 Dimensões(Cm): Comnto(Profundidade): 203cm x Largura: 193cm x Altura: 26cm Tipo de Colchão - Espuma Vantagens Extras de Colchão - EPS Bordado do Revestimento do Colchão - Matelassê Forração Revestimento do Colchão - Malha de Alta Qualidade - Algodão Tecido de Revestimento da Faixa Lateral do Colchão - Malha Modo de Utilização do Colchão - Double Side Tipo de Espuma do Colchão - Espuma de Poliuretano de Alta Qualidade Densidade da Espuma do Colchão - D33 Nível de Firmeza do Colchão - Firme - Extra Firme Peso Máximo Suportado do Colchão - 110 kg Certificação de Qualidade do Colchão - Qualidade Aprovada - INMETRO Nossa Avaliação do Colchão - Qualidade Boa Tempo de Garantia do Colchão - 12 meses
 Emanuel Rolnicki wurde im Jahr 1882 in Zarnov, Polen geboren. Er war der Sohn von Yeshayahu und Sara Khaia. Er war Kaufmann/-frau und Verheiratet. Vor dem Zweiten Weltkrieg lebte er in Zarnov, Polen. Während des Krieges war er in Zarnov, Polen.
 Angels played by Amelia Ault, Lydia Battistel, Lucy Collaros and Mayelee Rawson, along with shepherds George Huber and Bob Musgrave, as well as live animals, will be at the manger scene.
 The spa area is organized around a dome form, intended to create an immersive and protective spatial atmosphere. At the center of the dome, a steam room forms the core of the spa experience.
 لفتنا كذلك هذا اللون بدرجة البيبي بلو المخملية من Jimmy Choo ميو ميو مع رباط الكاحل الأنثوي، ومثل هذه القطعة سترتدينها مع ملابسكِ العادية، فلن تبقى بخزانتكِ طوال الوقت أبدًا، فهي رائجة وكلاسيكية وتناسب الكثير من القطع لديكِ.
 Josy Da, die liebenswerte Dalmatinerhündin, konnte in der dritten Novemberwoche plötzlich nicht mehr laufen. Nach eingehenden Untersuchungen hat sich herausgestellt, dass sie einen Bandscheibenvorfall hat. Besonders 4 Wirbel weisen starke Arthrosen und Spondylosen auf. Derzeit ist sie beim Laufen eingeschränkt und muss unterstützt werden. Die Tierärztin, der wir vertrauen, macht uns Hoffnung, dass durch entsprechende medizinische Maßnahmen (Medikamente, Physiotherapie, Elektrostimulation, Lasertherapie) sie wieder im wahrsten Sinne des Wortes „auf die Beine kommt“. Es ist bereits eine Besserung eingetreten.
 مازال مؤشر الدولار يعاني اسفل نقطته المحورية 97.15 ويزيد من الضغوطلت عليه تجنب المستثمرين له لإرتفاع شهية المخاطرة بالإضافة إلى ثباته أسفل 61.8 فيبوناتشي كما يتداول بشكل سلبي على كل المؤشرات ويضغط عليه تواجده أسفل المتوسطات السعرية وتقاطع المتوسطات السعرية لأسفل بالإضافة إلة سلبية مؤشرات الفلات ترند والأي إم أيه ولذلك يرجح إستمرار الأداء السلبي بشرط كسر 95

────

◆ **Activity**
Print exactly, and only, the lines running from the one that contains "The spa area" to the last line of the records above.

◆ **Result for this task**
 The spa area is organized around a dome form, intended to create an immersive and protective spatial atmosphere. At the center of the dome, a steam room forms the core of the spa experience.
 لفتنا كذلك هذا اللون بدرجة البيبي بلو المخملية من Jimmy Choo ميو ميو مع رباط الكاحل الأنثوي، ومثل هذه القطعة سترتدينها مع ملابسكِ العادية، فلن تبقى بخزانتكِ طوال الوقت أبدًا، فهي رائجة وكلاسيكية وتناسب الكثير من القطع لديكِ.
 Josy Da, die liebenswerte Dalmatinerhündin, konnte in der dritten Novemberwoche plötzlich nicht mehr laufen. Nach eingehenden Untersuchungen hat sich herausgestellt, dass sie einen Bandscheibenvorfall hat. Besonders 4 Wirbel weisen starke Arthrosen und Spondylosen auf. Derzeit ist sie beim Laufen eingeschränkt und muss unterstützt werden. Die Tierärztin, der wir vertrauen, macht uns Hoffnung, dass durch entsprechende medizinische Maßnahmen (Medikamente, Physiotherapie, Elektrostimulation, Lasertherapie) sie wieder im wahrsten Sinne des Wortes „auf die Beine kommt“. Es ist bereits eine Besserung eingetreten.
 مازال مؤشر الدولار يعاني اسفل نقطته المحورية 97.15 ويزيد من الضغوطلت عليه تجنب المستثمرين له لإرتفاع شهية المخاطرة بالإضافة إلى ثباته أسفل 61.8 فيبوناتشي كما يتداول بشكل سلبي على كل المؤشرات ويضغط عليه تواجده أسفل المتوسطات السعرية وتقاطع المتوسطات السعرية لأسفل بالإضافة إلة سلبية مؤشرات الفلات ترند والأي إم أيه ولذلك يرجح إستمرار الأداء السلبي بشرط كسر 95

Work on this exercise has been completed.